L'éducation d'une fée est un petit roman léger qui parle de choses graves, c'est un univers enfantin et parfois onirique qui raconte les douleurs de la vie, c'est une petit musique qui charme l'oreille du lecteur mais serre son cœur.
 
On sent que Didier Van Cauwelaert éprouve beaucoup de tendresse à l'égard de ses personnages, et c'est peut-être pour cela que ce roman est si doux alors même qu'il aborde des thèmes difficiles (la séparation, l'exil, la guerre en Irak la souffrance, la vie dans une cité difficile ...). Du coup, on lui pardonne une fin qu'on devine trop tôt et ce petit parfum d'eau de rose qui titille nos narines à certaines pages. On lui pardonne car ce roman est précieux : il nous rappelle qu'il suffit d'insuffler un tout petit peu de fantaisie dans nos vies pour que la magie opère, que le merveilleux se révèle et que l'enfant qui reste en nous l'emporte sur les difficultés du quotidien.
Merci à celle qui l'a choisi, c'est une belle découverte pour moi !

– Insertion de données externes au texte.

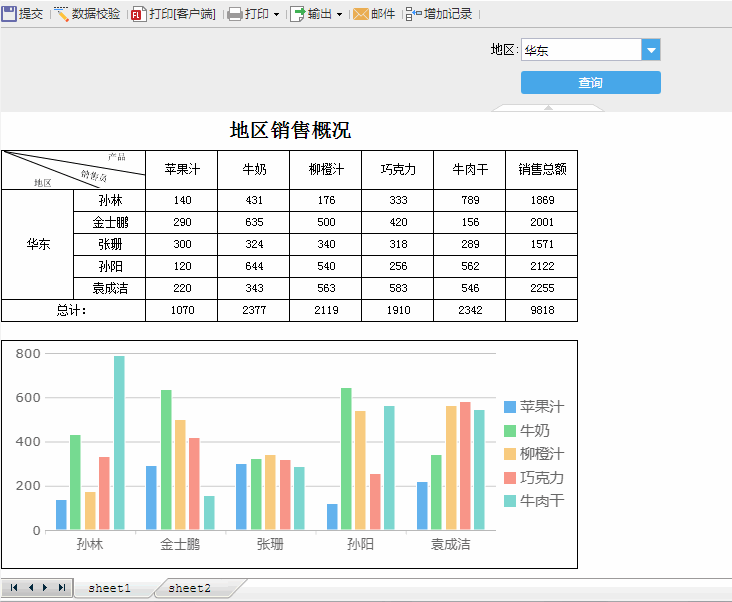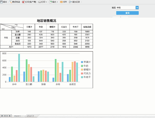 点击填报预览,点击查询按钮后,再切换sheet,即可看到上面的效果。
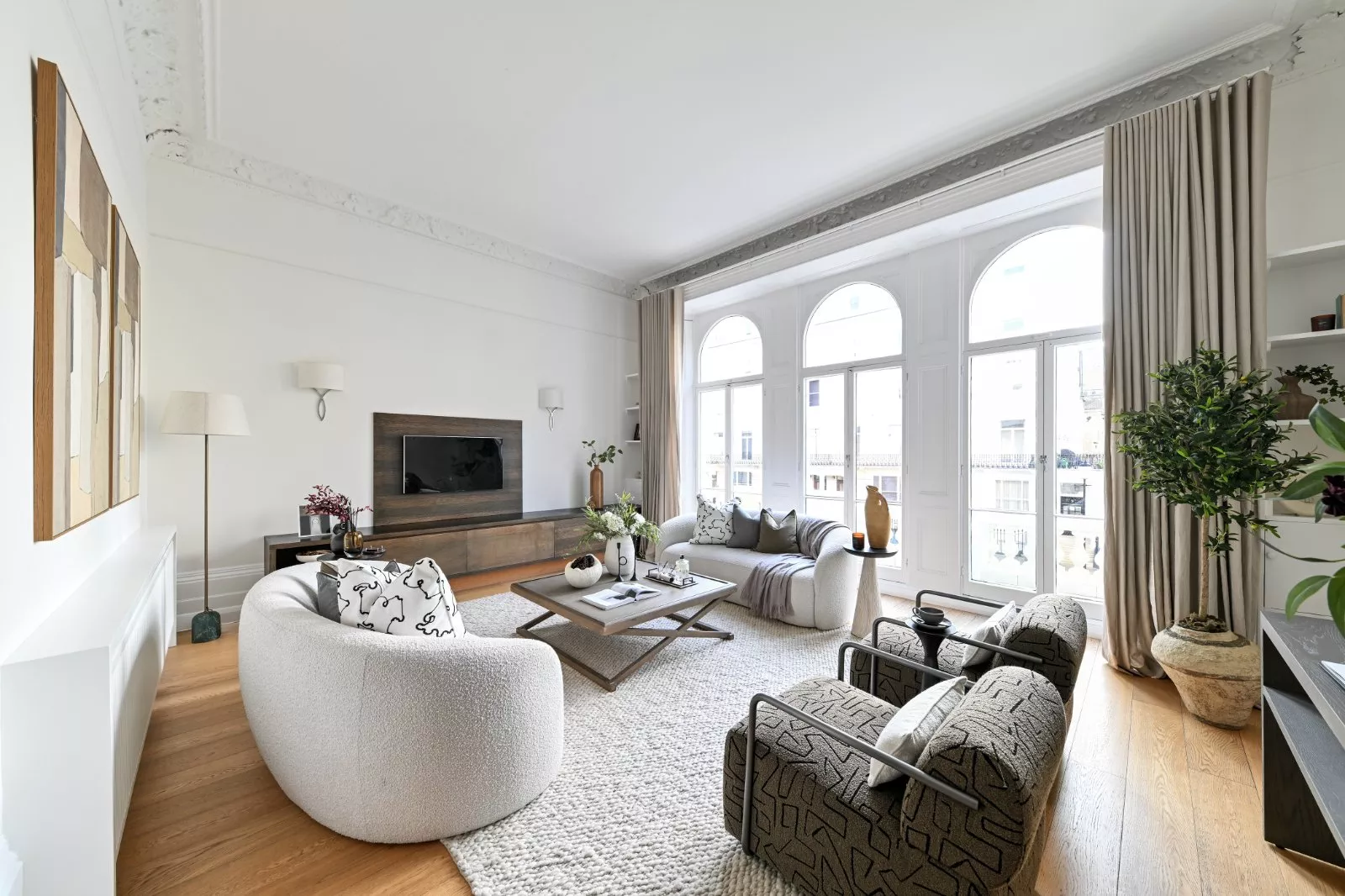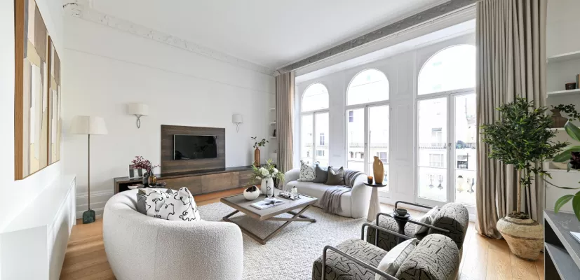 Wooden flooring large windows, soaring ceilings and outside space gives the apartment radiance.

Deux belles lectures, donc, pour Henriette et moi : et les copinettes qu'ont-elles lu ? Qu'en ont-elles pensé ? Allons vite lire les billets de Sara, Rafafa, Dan et Gio !

6 commentaires:

Rafafa a dit…

Super que vous ayez eu ces coups de coeur!

Stephie a dit…

J'adore L'éducation d'une fée, que je relirai sans doute un jour. L'autre, je ne sais pas ;-)

sarah a dit…

En voilà un beau "double-billet"! Deux coups de coeur, bravo!
J'avoue que tu sais vraiment bien nous éclairer sur ce qui t'a plu dans "L'éducation d'une fée", Eloah.
Henriette : ton enthousiasme fait plaisir à voir!

dan a dit…

Deux très beaux billets, oui! Bravo les filles!

ELOAH a dit…

@ Rafafa : oui, ce sont des lectures qui font du bien.

@ Stephie : moi aussi c'est un livre que je relirai, d'ailleurs je vais me l'acheter.

@ Sarah et Dan : merci !

Henriette a dit…

Vraiment une très chouette idée, cette chaîne de lecture ! C'est très sympa de lire les avis de toutes sur les romans, puisqu'à présent on a fait le tour !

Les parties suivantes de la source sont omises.